Is tuberculose altijd besmettelijk? Wanneer bij iemand de diagnose longtuberculose wordt
gesteld, kan dit besmettelijk zijn voor anderen. In Nederland was dit in 2007 bij ongeveer een derde van de patiënten met longtuberculose het geval. Als we willen bepalen hoe besmettelijk iemand is geweest voor zijn of haar omgeving,
dan zijn er 3 belangrijke punten:
-
De patiënt. Als we spreken van een besmettelijke vorm van longtuberculose (ook wel “open tuberculose” ) genoemd, dan zit de ontsteking op een plek in de luchtwegen waardoor het mogelijk is dat
de bacteriën vanuit de ontsteking rechtstreeks naar buiten komen. Als deze mensen dan bv. hoesten of niezen kan de bacterie mee naar buiten komen en via hele kleine druppeltjes (aerosolen) worden verspreid.
-
Het contact. Hoe groot
de kans is dat anderen geïnfecteerd worden is echter ook afhankelijk van hoe vaak je iemand hebt gezien, en onder welke omstandigheden dit was. Het risico op tuberculose is veel groter als je bijvoorbeeld dagelijks met iemand hebt
gecarpooled, dan wanneer je iemand wel eens tegenkomt bij het boodschappen doen. Daarom zullen in eerste instantie ook altijd eerst de mensen worden onderzocht die intensief contact hebben gehad met de bron (= de persoon met
besmettelijke tuberculose).
-
De gevoeligheid van de contactpersoon voor infecties. Personen met een verminderde afweer voor infecties zoals Hiv-geinfecteerden, personen met bepaalde vormen van kanker, nierpatiënten en personen die
bepaalde medicatie tegen reumatische aandoeningen gebruiken, zijn gevoeliger voor tuberculose. De kans dat deze personen ziek worden na infectie met de tuberculosebacterie is ook groter. Ook deze mensen worden in geval van een contact
met een besmettelijke bron eerder onderzocht.

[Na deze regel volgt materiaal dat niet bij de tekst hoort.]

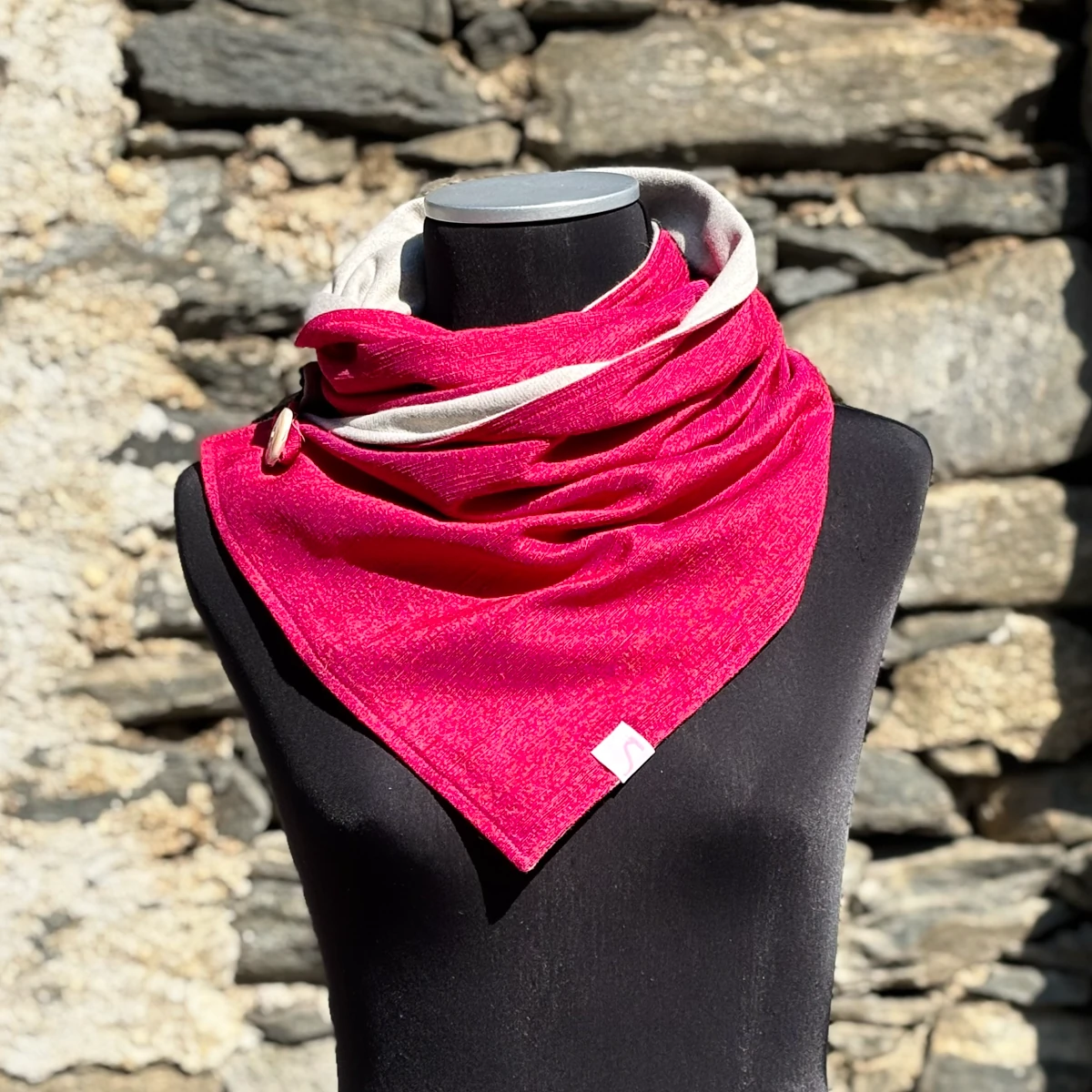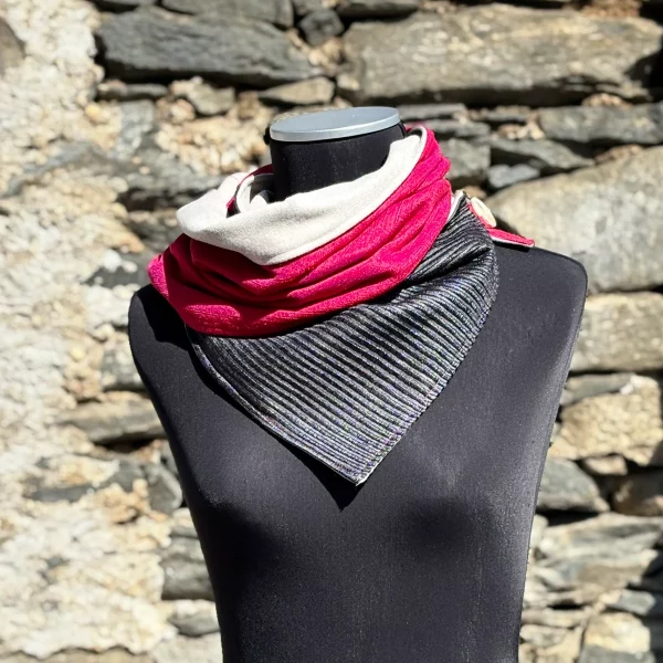 Interno lana panna , esterno seta bourette fucsia e poliestere nero.

Belangrijk is te weten dat tuberculose alleen kan worden overgedragen door direct contact, door samen met iemand in één ruimte te zijn. Je kunt het niet overdragen via handen geven,
serviesgoed, enz. En ook niet meenemen naar derden, bijvoorbeeld naar je kinderen thuis. Iemand is pas een “gevaar” voor anderen, als hij of zij zelf een besmettelijke vorm van tuberculose heeft.
Als je een tbc-infectie
oploopt, word je dan altijd ziek? Als iemand de druppeltjes met een tbc-bacterie inademt die door iemand met een besmettelijke vorm van tuberculose in een ruimte zijn gehoest, kunnen er twee dingen gebeuren:
-
Meestal duwen de
trilhaartjes in de luchtwegen de bacteriën weer naar buiten. De bacteriën komen dan niet in de longen terecht. Er is niets met de persoon gebeurd.
-
Naarmate er meer bacteriën worden ingeademd, is de kans groter dat enkele bacteriën
de gehele luchtweg passeren zonder dat zij naar buiten worden gewerkt. Zij komen dan in de longen terecht en nestelen zich daar. De persoon is “geïnfecteerd”. Iemand is dan nog niet ziek, en merkt zelf ook niets. Als iemand geïnfecteerd
is met de tbc-bacterie is er een kans van ongeveer 10 procent dat deze persoon de ziekte tuberculose krijgt. Deze kans is het grootst in de eerste twee jaar na infectie. De incubatietijd – de tijd van infectie tot ontwikkeling van
de ziekte – varieert bij tuberculose van enkele weken tot vele jaren. Vaak speelt een verminderde weerstand hierbij een duidelijke rol, dit kan o.a. het geval zijn bij zwangerschap, andere ziektes zoals bv. suikerziekte,kanker en
bepaalde geneesmiddelen, maar ook bv. door het ouder worden of slechte leefomstandigheden.
|
|
De diagnose.
Wat zijn de symptomen van tuberculose? De klachten die voorkomen bij tuberculose
zijn hele algemene klachten, die ook bij heel veel andere ziektebeelden kunnen optreden. Dit maakt het herkennen van de ziekte vaak lastig. De meest voorkomende klachten in het beginstadium van tuberculose zijn nachtzweten,
vermoeidheid, koorts, gebrek aan eetlust en daardoor vaak gewichtsverlies. Mensen met longtuberculose hebben meestal al langere tijd hoestklachten(langer dan drie weken), en geven soms wat (bloederig) slijm op. Zonder goede
behandeling kan de patiënt echter steeds ernstiger ziek worden en uiteindelijk zelfs overlijden. Het is dus essentieel om tuberculose tijdig te ontdekken en te behandelen.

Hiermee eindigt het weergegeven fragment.